Data records:
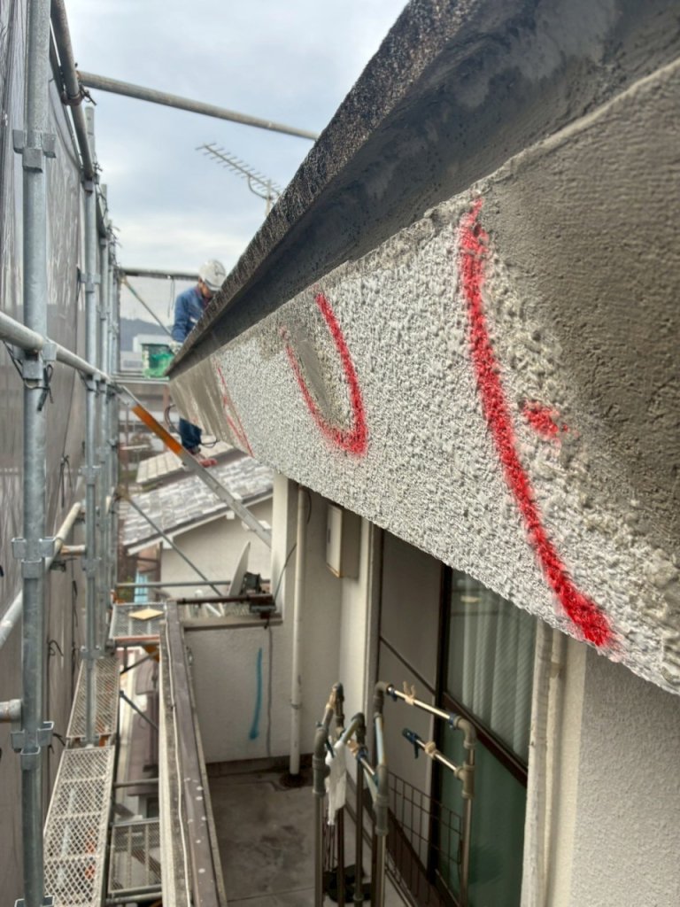 軒や軒裏、外壁の補修の箇所をマーキングして順番に補修します。
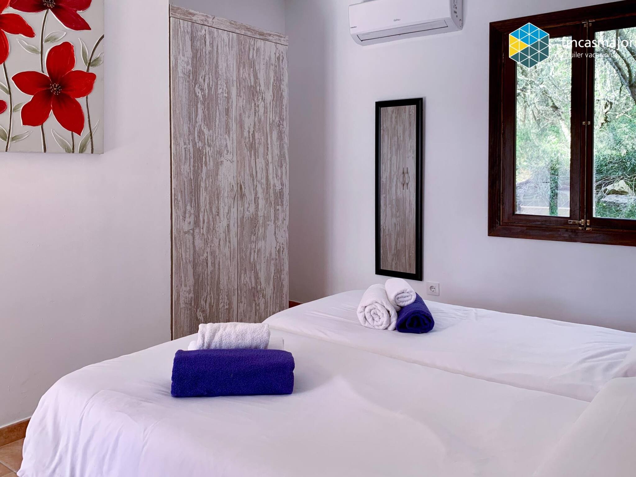 The house is 100% solar-powered. To maintain this management and ensure comfort, timers have been installed on the air conditioning units. These units automatically turn off after 3 hours of use. If you wish, you can continue using them. To do so, press the button on the wall (clearly marked with a sign that says "A/C"). Once pressed, you can turn the units back on using your remote control normally.
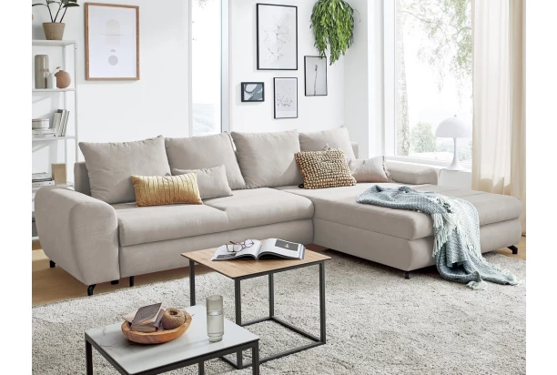 Atraktívna rohová sedacia súprava so zaoblenými tvarmi ponúka príjemne mäkký štýl sedenia pre Váš každodenný komfort. Očalúnená látkou vo farbe svetlo béžová. Ďalšou pridanou hodnotou je praktický úložný priestor a navyše rozkladacia funkcia – vďaka nej sa sedačka ľahko premení na príležitostné lôžko napríklad na návštevu. Vďaka univerzálne riešenej konštrukcii je možné sedačku zostaviť ako pravý alebo ľavý roh, respektíve s otomanom na pravej alebo ľavej strane – sedačka sa tak lepšie prispôsobí priestorovým možnostiam Vašej obývačky.
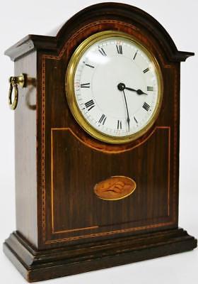 Antique French 8 Day Mahogany Inlaid Mantel Desk Clock Platform Escapement C1900
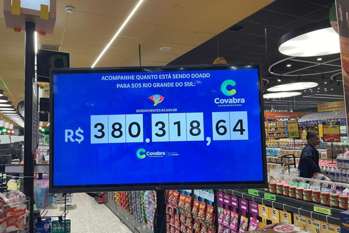 Em mais uma corrente de solidariedade, o Covabra Supermercados doou R$ 380 mil para o programa SOS Rio Grande do Sul, canal oficial de doações do governo do Rio Grande do Sul. O valor é resultado da campanha “SOS Rio Grande do Sul” criada pela rede, que destinou para doação 10% do valor das vendas de produtos gaúchos realizadas entre 18 de maio e 30 de junho em todas as lojas e no e-commerce.
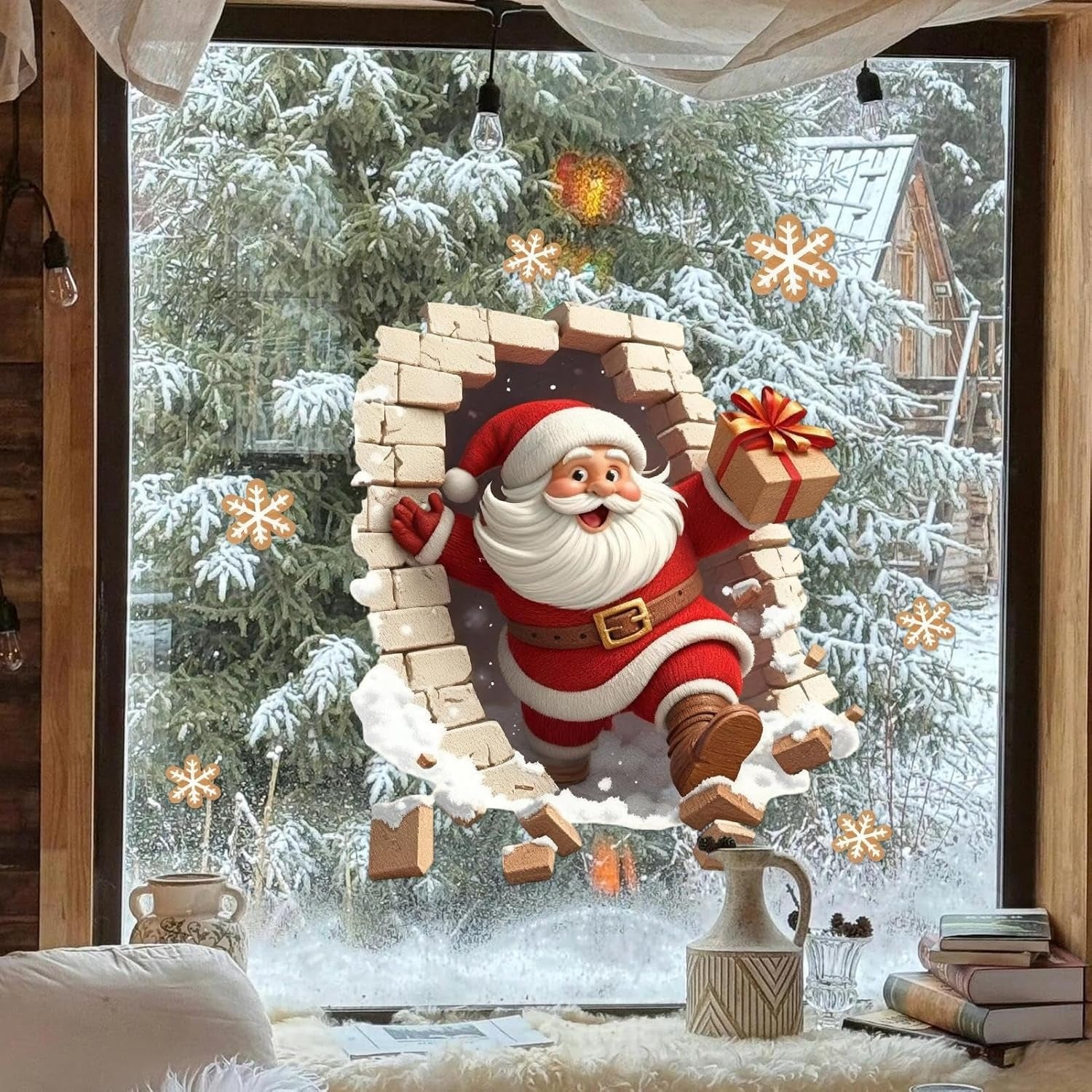 The sticker mimics a frost-flecked, slightly cracked window pane, with jagged edges that catch the light and sell the 3D trick. His fluffy white beard has faint snow dust on the tips, his red hat is tilted as if he’s hurrying, and those wide, grinning eyes feel like he’s about to wave—exactly the kind of small, cozy surprise that makes kids gasp and adults smile.
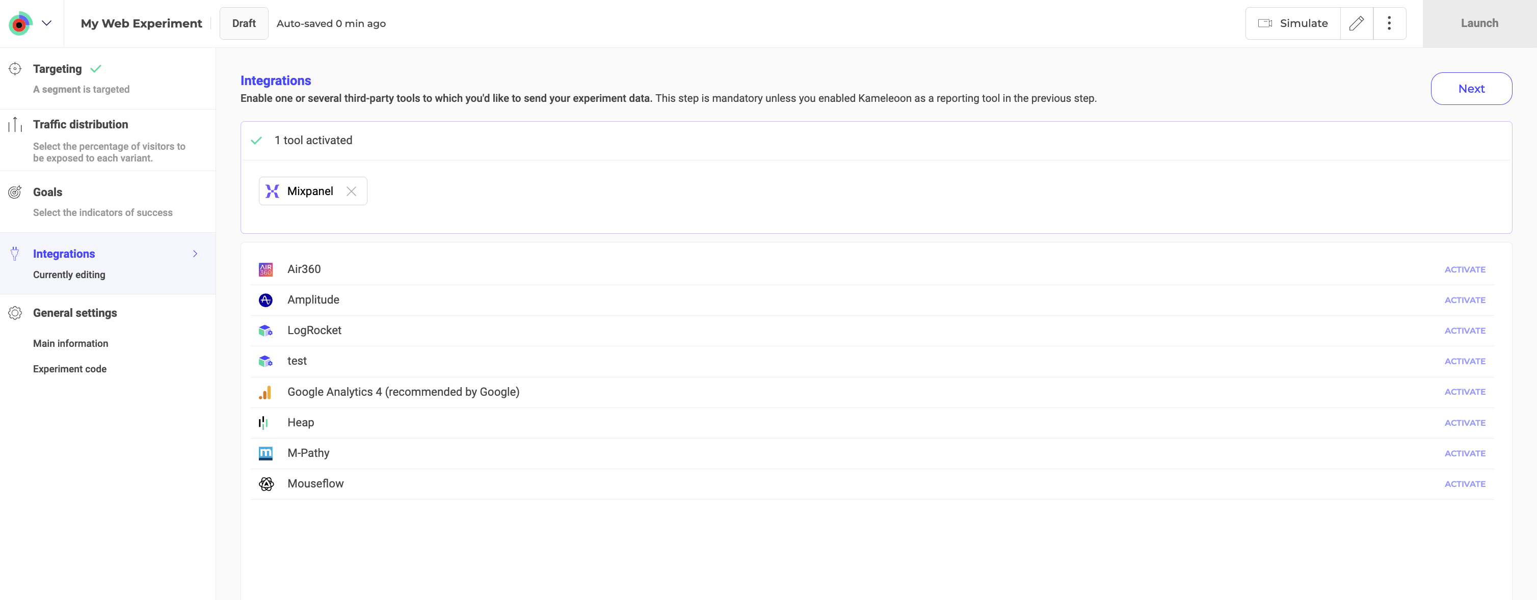 - Effortless setup: Enable third-party integrations directly from the Kameleoon app with no need for custom code or SDK changes.

* What needs to be done *
Nothing but an exact copy is asked for: the lines from the start of the records through the line with "The house is", both ends included, minus any pictures.

* Output for this exercise *
 軒や軒裏、外壁の補修の箇所をマーキングして順番に補修します。
 The house is 100% solar-powered. To maintain this management and ensure comfort, timers have been installed on the air conditioning units. These units automatically turn off after 3 hours of use. If you wish, you can continue using them. To do so, press the button on the wall (clearly marked with a sign that says "A/C"). Once pressed, you can turn the units back on using your remote control normally.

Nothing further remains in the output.